Alleged standard of Muhammad, kept in Topkapı Palace in Istanbul

The Sancak-ı Şerif (سنجاق شريف) is the alleged original standard of the Islamic prophet Muhammad. Also known by names such as Rasûlüllah (s.a.s)'a ait sancak (the Prophet's banner), Âlem-i nebi, Âlem-i şerif, Liva-i saadet, and Liva-i şerif, it is a profoundly significant banner currently housed kept along with other relics of Muhammad in the treasury of the Topkapı Palace, in Istanbul.

According to legend, the flag was used in the first Muslim wars; then passed into the hands of the Umayyads and Abbasids; and finally, with Selim I's conquest of Egypt in 1517, fell into Ottoman hands. The Ottomans carried the flag into battle, beginning with their Hungarian campaign circa 1521.

Following the conquest of Egypt in 1517 by Yavuz Sultan Selim (1512-1520), the Sancak-ı Şerif and other sacred trusts (Emânât-ı Mübâreke) were brought to Istanbul. Yavuz Sultan Selim's conquest of Egypt in 1517 marked a significant transfer of the caliphate from the Abbasids to the Ottomans. There are varying accounts of its transfer: some suggest Sultan Selim (the grim) brought it directly from his Egyptian campaign, others state it was sent to Kanuni Sultan Süleyman during the siege of Rhodes by Hayır Bey, the Mamluk governor of Egypt. Another indicates it was sent from Damascus to Istanbul. Upon its arrival, Sultan Selim ensured its preservation with great reverence in his throne room at Topkapı Palace, where the Hırka-i Şerif (Mantle of Felicity) Chamber was built for them.

According to Ottoman historian Silahdar Findiklili Mehmed Agha (d. 1727), the flag was made of black wool.

Its final significant use was in 1826 during the Janissary revolt. It was taken from its place and erected on the minbar of the Sultan Ahmed Mosque. The public, considering it a religious obligation (farz) to gather and fight under it, rallied around the Sancak-ı Şerif, supporting Sultan Mahmud II in the elimination of the Janissaries.
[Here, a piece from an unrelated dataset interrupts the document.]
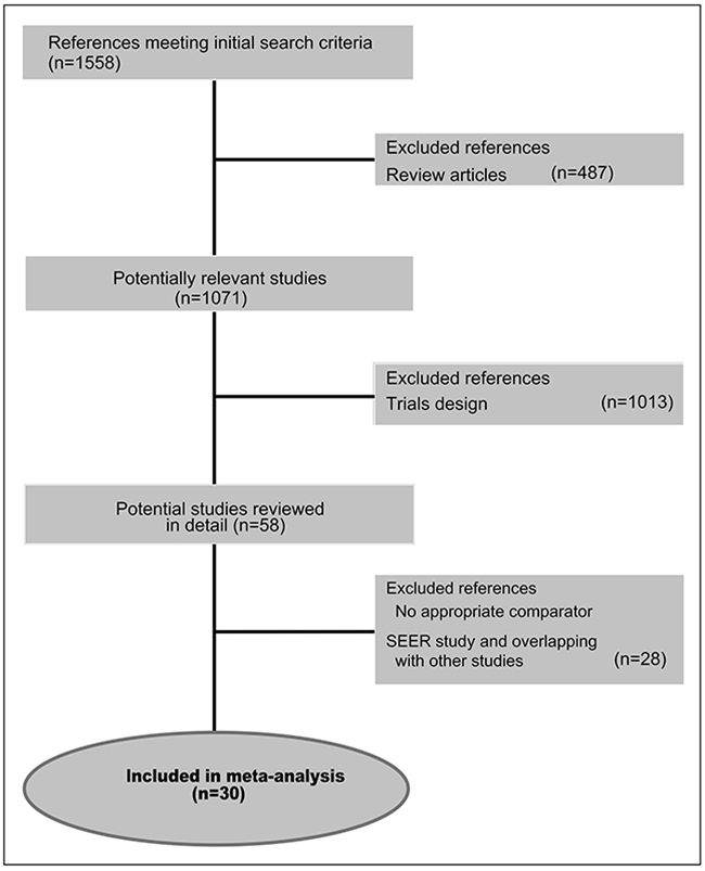 The PRISMA chart related to RCTs selection and search strategy is described in Figure 1. In the considered time-frame (2004-2015), 1558 studies were identified as full papers or meeting abstracts, while 1500 studies were initially excluded because reviews and/or for trial design. Thus, we examined in detail the remaining 58 trials. Among them, 28 trials were excluded because selection criteria were not met [30]. 30 trials for a total of 10530 patients were selected and included in the final analysis [5, 6, 10, 31-57].

The Janissaries, who had planned to seize the Sancak-ı Şerif themselves, were bombarded with cannons, and the revolt ended, an event known as "Vak'a-i Hayriyye" (Auspicious Incident). The Sancak-ı Şerif was also brought out during the declaration of Jihad-ı Ekber in World War I on November 24, 1914.

It was believed that if the Ottoman state, or Islam generally, were threatened with extreme danger, the flag should be taken into the field by the Ottoman sultan personally, whereupon every Muslim capable of taking arms must rally under the flag.

The banner itself, being made of wool, is deteriorated and not on display. It is kept in a green satin bag in a silver chest in the sacred relics chamber of the Topkapı Palace.